(Beginning of Dataset content)
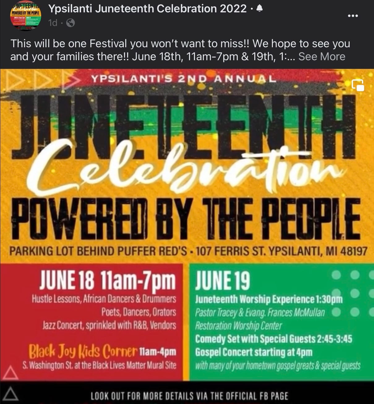 Here is a link to more info about the Ypsi Juneteenth Celebration June 18 & 19
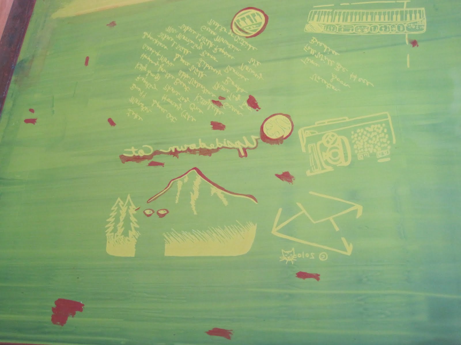 i currently have 3 colors out of 4 done for my album covers i'm making... it's been fun, and we're screenprinting them. and it's the first time i've done such a big edition. i think it's 198 covers... ha. and i need to take pictures of the 3rd layer! there were some technical difficulties, but i think they look really great!
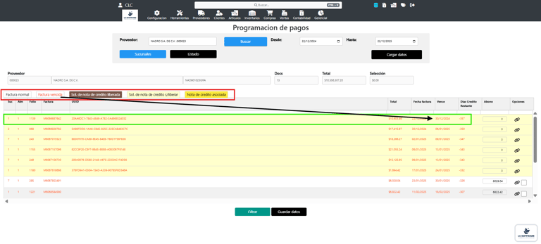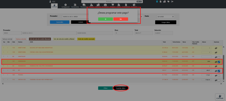 Posteriormente, se seleccionan las casillas de las facturas a aplicar y se da clic en Guardar datos.
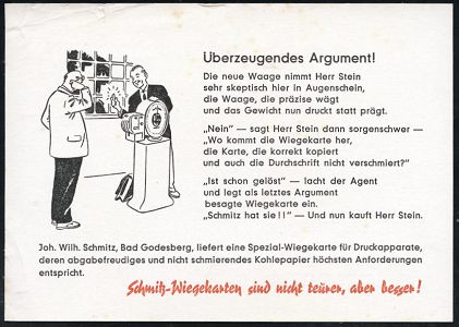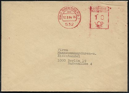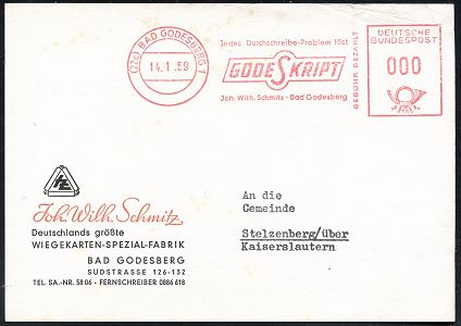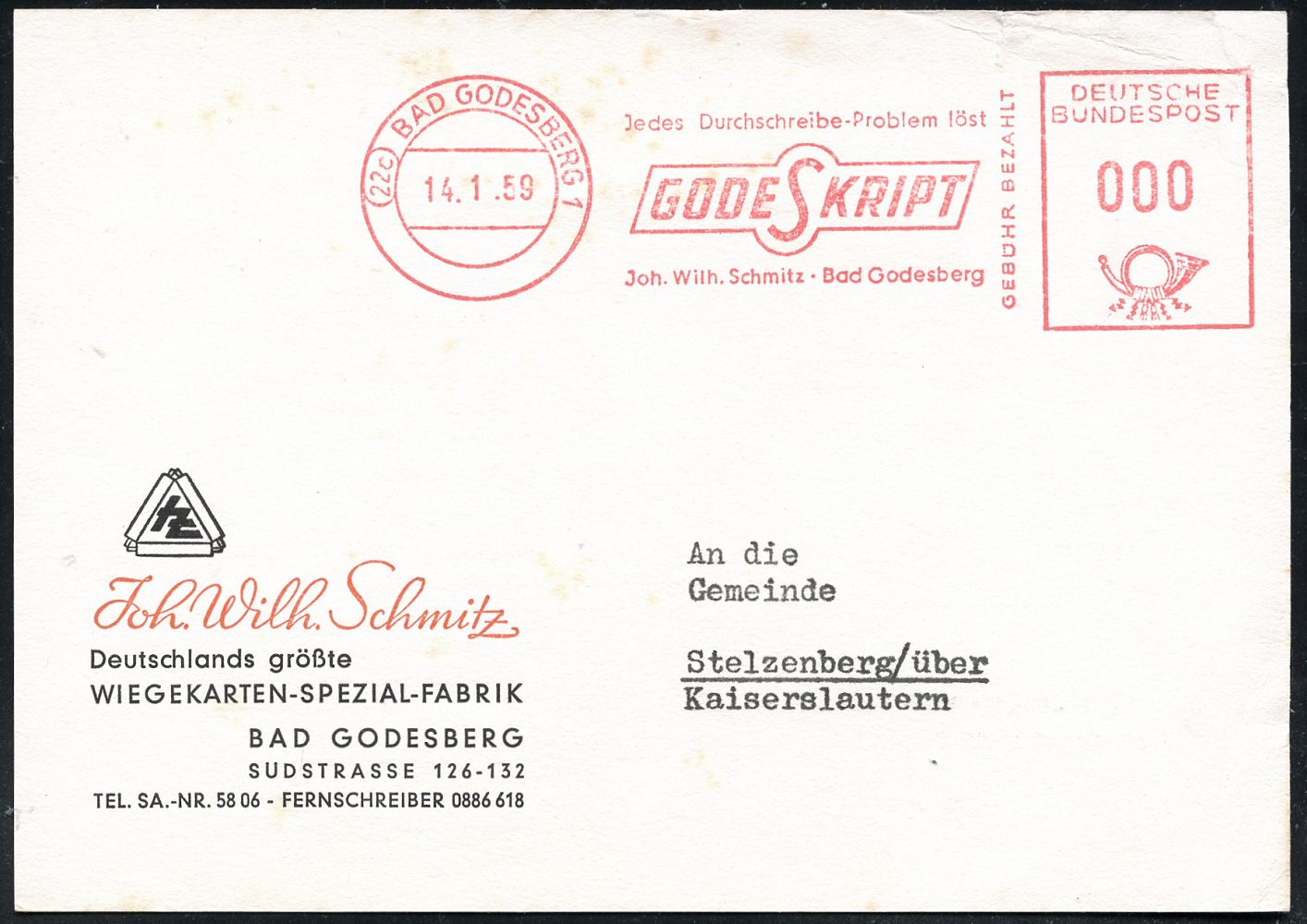 10006 | 10 € | 5320 BAD GODESBERG : (22c) BAD GODESBERG 1/ ..GODESKRIPT/ Joh.Wilh.Schmitz.. 1959 (14.1.) AFS Francotyp in 000 + GEBÜHR BEZAHLT = Massen-Drs. (vorschriftsmäßig vom 1.7.1954 - 30.9.1969) zweifarbige Reklame-Kt. für Wiegekarten (oben schwach fleckig) rs. Grafik (Dü.E-23CO) | ![]() ![]() | |
(End of Dataset content)
# Instructions for the task
This task calls for the lines from the line containing "i currently have" through the end of the listing, set down exactly and only, with pictures omitted.

# Response area
 i currently have 3 colors out of 4 done for my album covers i'm making... it's been fun, and we're screenprinting them. and it's the first time i've done such a big edition. i think it's 198 covers... ha. and i need to take pictures of the 3rd layer! there were some technical difficulties, but i think they look really great!
 Posteriormente, se seleccionan las casillas de las facturas a aplicar y se da clic en Guardar datos.
 10006 | 10 € | 5320 BAD GODESBERG : (22c) BAD GODESBERG 1/ ..GODESKRIPT/ Joh.Wilh.Schmitz.. 1959 (14.1.) AFS Francotyp in 000 + GEBÜHR BEZAHLT = Massen-Drs. (vorschriftsmäßig vom 1.7.1954 - 30.9.1969) zweifarbige Reklame-Kt. für Wiegekarten (oben schwach fleckig) rs. Grafik (Dü.E-23CO) | ![]() ![]() | |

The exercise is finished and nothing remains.